[Task]: Beginning with the line that contains "连接服务器成功后浏览器会弹出", transcribe the rest of the listing below exactly, including its last line, and exclude any pictures.
── Raw data ──
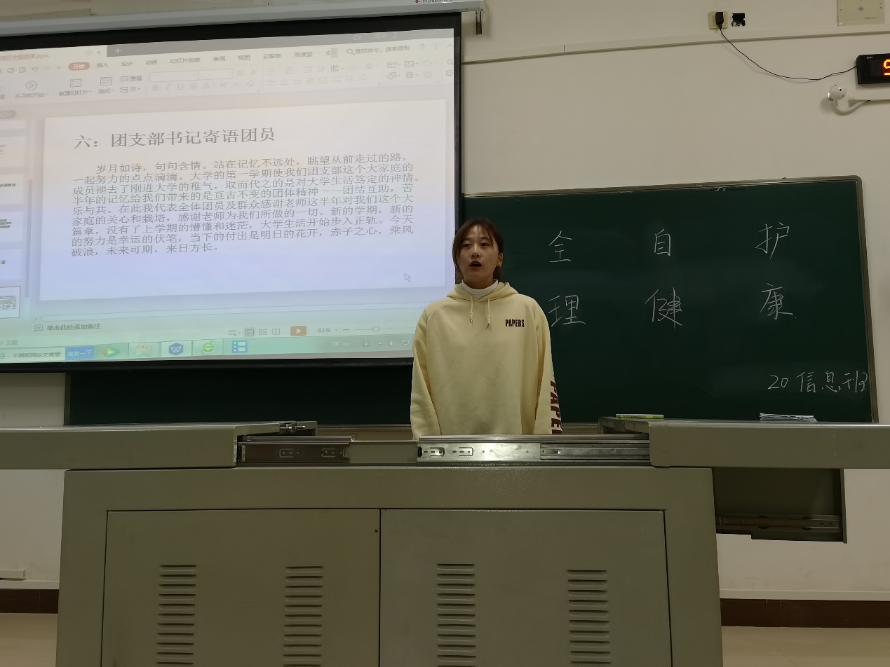 20级班主任赵丹老师在班会上重点强调:“大学生的生活就是社会生活的投影,保持良好的心理健康是尤其至关重要的。心理健康是大学生成才的基础,可以促进大学生全面发展。健康的心理品质是大学生全面发展的基本要求,同时也是将来走向社会,在工作岗位上发挥智力水平、积极从事社会活动以及不断向更高层次发展的重要条件。”
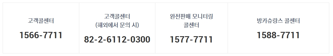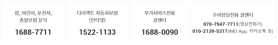 일반적인 보험 문의나 사고 접수는 대표 전화번호 1566-7711를 통해 가능하며, 해외에서도 별도의 번호 +82-2-1566-7711로 동일한 서비스를 이용할 수 있습니다.
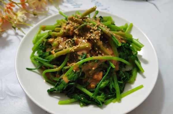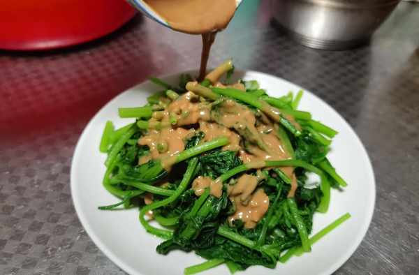 4.將調好的芝麻醬淋在蒿子稈上。芝麻醬調的過稠會糊嘴,影響口感;過稀,味道不容易裹住蒿子稈,會影響味道,所以麻醬的稀稠濃度一定要適中
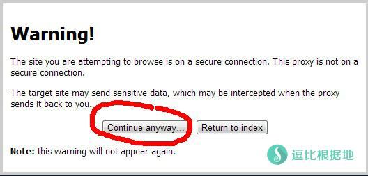 连接服务器成功后浏览器会弹出一个不安全连接警告,无视它,点击continiu anyway…
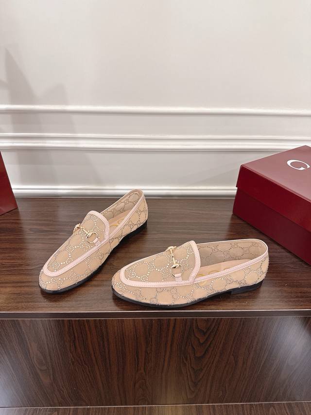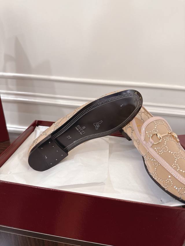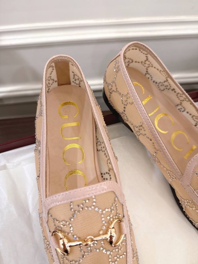Gucci Jordaan系列女士网纱水晶钻乐福鞋 作为Gucci设计传承的杰出代表,Jordaan系列饰马衔扣乐福鞋生动彰显经典优雅格调。这款鞋履这款鞋履甄选网纱水晶钻打造,匠心融蕴浅金色调经典马衔扣造型配件。 原版定制网纱水晶钻 内里定制羊皮 真皮大底 码数34-42 34 40 41 42定做不退换 胶底220真皮底
───
[Solution]:
 连接服务器成功后浏览器会弹出一个不安全连接警告,无视它,点击continiu anyway…
Gucci Jordaan系列女士网纱水晶钻乐福鞋 作为Gucci设计传承的杰出代表,Jordaan系列饰马衔扣乐福鞋生动彰显经典优雅格调。这款鞋履这款鞋履甄选网纱水晶钻打造,匠心融蕴浅金色调经典马衔扣造型配件。 原版定制网纱水晶钻 内里定制羊皮 真皮大底 码数34-42 34 40 41 42定做不退换 胶底220真皮底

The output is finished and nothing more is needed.